The time horizon of the optimization process is divided evenly into five successive iterative sub-processes (phases/periods) after initialization. According to choose one of the five kinds of mutation schemes, the population in each phase is modified. During the first iteration, the solutions are updated utilizing the proposed less greedy evolution variants such as (DE/rand/k) to cover the search area and to recognize the encouraging areas by benefiting from their explorative capability. The less greedy variants discover the most encouraging area which is used to lead the search at the end of optimization operation to share more information among the used schemes through the greedy strategies such as (DE/best/k). To focus only on the optimal solution guiding to the desired rapid convergence, the low disturbances of these variants are essential.

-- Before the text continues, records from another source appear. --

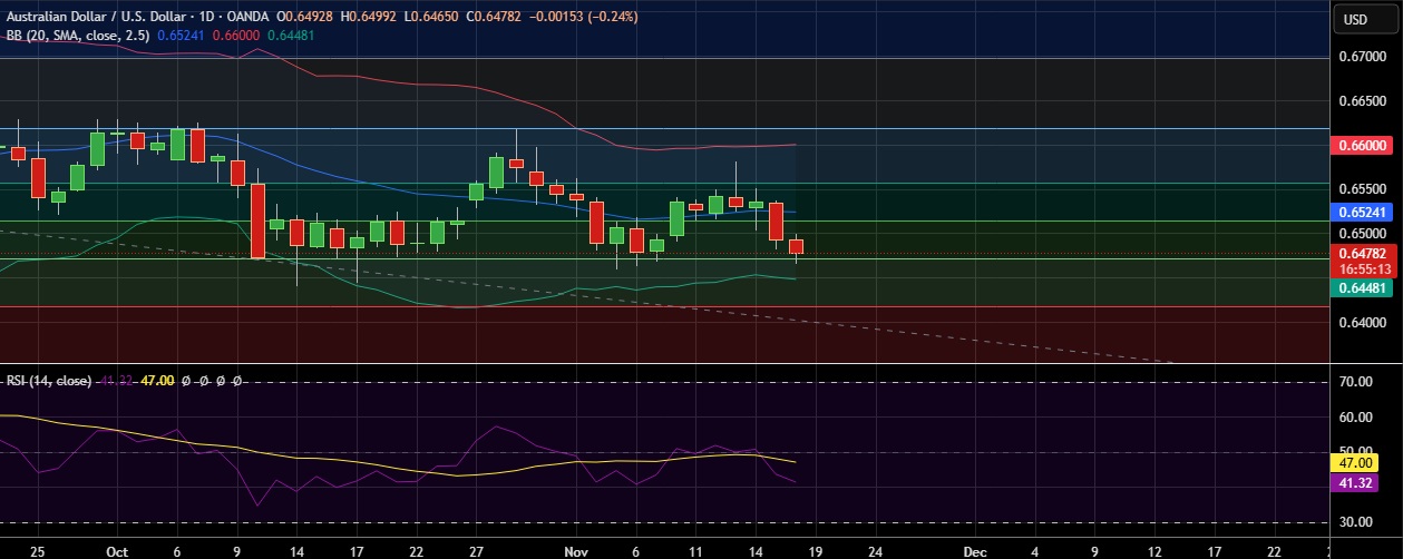 • Support is seen at 0.6451(Lower BB) and break below could take the pair towards 0.6420 (23.6%fib).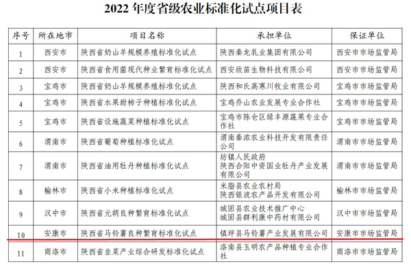 本網(wǎng)訊(通訊員 李東昇 李秦鄂)10月24日,陜西省市場監(jiān)管局發(fā)布了2022年度省級農(nóng)業(yè)標(biāo)準(zhǔn)化試點(diǎn)項(xiàng)目,由鎮(zhèn)坪縣市場監(jiān)管局推薦,鎮(zhèn)坪縣馬鈴薯產(chǎn)業(yè)發(fā)展有限公司承擔(dān)的馬鈴薯良種繁育標(biāo)準(zhǔn)化試點(diǎn)項(xiàng)目榜上有名。據(jù)悉,此次全省獲批的項(xiàng)目僅有11個。該項(xiàng)目也是安康市2022年度唯一一個省級農(nóng)業(yè)標(biāo)準(zhǔn)化試點(diǎn)項(xiàng)目。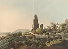 Pagodas at Maugry, with a distant view of Sewandroog, a print after Colebrook
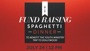 Join us immediately following our Sunday morning services as our youth group hosts a spaghetti dinner. This dinner will be to raise money for their trip to Dollywood.
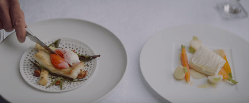 この映画は脚本に問題があります。モノを投げつけたり、どなりちらしたりするシーンをメリハリとしているのも逆効果。なので映画としては残念。しかし、料理関係の映像やうんちくとしてなかなか愉しめるものでしたので共感できる方に是非紹介したいと思いました。美しい盛り付けで芸術的なひと皿が出来上がる風景はストーリーとは無関係に魅力的。そんなシーンを紹介しましょう。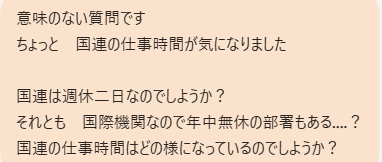- 標準勤務時間:多くの国連職員は 月曜~金曜の平日勤務、1日約7~8時間程度が基本。

According to previous suggestions, the chosen five mutation schemes incorporated with the updated scaling factor (i.e., includes crossover) are applied through mutation-crossover operation, as follows below.

Purely explorative stage

Actually, the differences between population individuals are the basis of the disturbance utilized in all variants of the evolution. The “DE/rand/2” variant is the famous least greedy mutation scheme which has a top priority for exploration, and is applied to the first 20% of iterations, as follows:

$$ x_{i,j} \left( {g + 1} \right) = x_{{r_{1} ,j}} \left( g \right) + F_{ij} \left( {g + 1} \right).\left( {x_{{r_{2} ,j}} \left( g \right) - x_{{r_{3} ,j}} \left( g \right)} \right) + F_{ij} \left( {g + 1} \right).\left( {x_{{r_{4} ,j}} \left( g \right) - x_{{r_{5} ,j}} \left( g \right)} \right) $$
(11)

where \( r_{1}\),\(r_{2}\),\( r_{3}\), \(r_{4}\), and \(r_{5}\) are five mutually limited random integers chosen from the range [1,\( N_{p}\)], and all vary from the mutated index \( i\).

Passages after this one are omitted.